Падающий с потолка свет внезапно загораживает Алькина тушка. Вонь ее духов я узнаю из тысячи, поэтому не поднимаю головы:
— Чего надо?
Алька опирается на мою парту и барабанит наманикюренными пальцами по столешнице:
— Хикикомори![12]
— Ты пополнила свой словарный запас! Неужели? — Отмороженно скалюсь. — Не представляешь, как я за тебя рада, Аль!..
— Что, Литвинова, нос, гляжу, зажил? Ох, ох, только не вопи! — Она вскидывает руки. — Я ващет по делу.
— Ну?
— Браслетик твой… Где ты его взяла?
Ее неоновый ноготь поддевает кожаный ремешок на моей руке, и мне становится дурно. Над головой смыкаются стены. Реально. Я боюсь больше никогда не увидеть того, кто мне его подарил. Хотя, скорее всего, я и так его больше никогда не увижу.
— А тебе какое дело? — Я в упор смотрю в Алькины бесцветные, опухшие глаза. Она плакала или что?..
— Слушай, хикки, ты реально того… — гнусит Мамедова. — Чего ты агришься? Просто я такой же хочу. У мужа моей сестренки их куча, но где он их взял, не колется. Где их продают, а?
Вот глупая баба.
— Такие вещи не продают. Их дарят! — Я от души подмигиваю ей, хватаю свой рюкзак и ухожу.
***
27 марта, понедельник, 23.00
«Дорогой дневник!
Не знаю, как проводят последние школьные каникулы нормальные НЕ одинокие люди, но они явно делают это как-то по-другому.
А я в миллионный раз пересчитала все трубы промзоны и звезды, видимые ночью из моего окна. Дала себе зарок неделю не заходить в “ВК”. И не притрагиваться к лезвиям.
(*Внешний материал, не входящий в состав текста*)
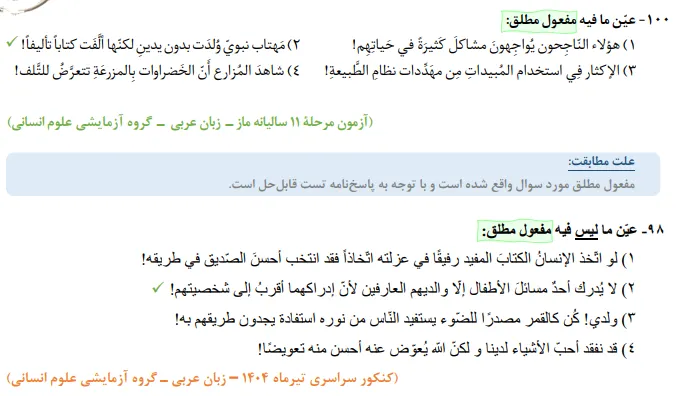 پیشبینی درک مطلب در عربی انسانی ۱۴۰۱

Все воскресенье я просидела за столом в комнате: пыталась забыться и увлеченно рисовала.
Наверное, если бы я умела жалеть себя, я бы ревела и размазывала сопли по рукаву пижамы. Но проблема в том, что мне себя не жаль. Да и в окружении больше нет ни одного сопереживающего мне человека. Ну, кроме родителей.
Только их безусловное доверие удерживает меня от разных глупостей.
Думаю, папа с мамой очень озабочены моим поведением в выходные.
Сегодня я молча ходила за ними хвостом, исполняла любые просьбы, но на все вопросы отвечала односложно, а вечером и вовсе спряталась в комнате.
Тогда вошла мама и призналась, что в старших классах у нее тоже происходило отторжение реальности. Сказала, что в этом возрасте к жизни как раз и вырабатывается иммунитет, и она бывает очень жестока.
— Поверь, все через это проходят… — глубокомысленно изрекла она, видимо, припоминая свою бурную юность: путешествия на “собаках”, татуировки на бедрах и ухаживания моего отца, из-за которого она до сих пор не общается с бабкой и дедом. — Главное — не потерять себя. Ты еще найдешь хороших друзей и компанию по интересам. Встретишь любимого парня. Ты же у меня красавица…
Я чуть было не купилась и не поверила, что мама действительно интуитивно просекает мои проблемы, но продолжение ее фразы вызвало лишь горькую досаду и скрип зубов.
Она до сих пор видит во мне милого карапуза, “хорошую девочку”, никогда не доставлявшую хлопот, поэтому и боится приблизиться.
И я ответила, что ей лучше выйти и оставить меня в покое.
***
Впрочем, спустя пять минут я осознала ущербность своего поведения и в качестве извинения вызвалась сходить в магазин.
Кроме продуктов и бытовой химии из составленного мамой списка, я набрала тонну мороженого и сладостей — будет чем скрасить серые будни и заесть осточертевшую тоску.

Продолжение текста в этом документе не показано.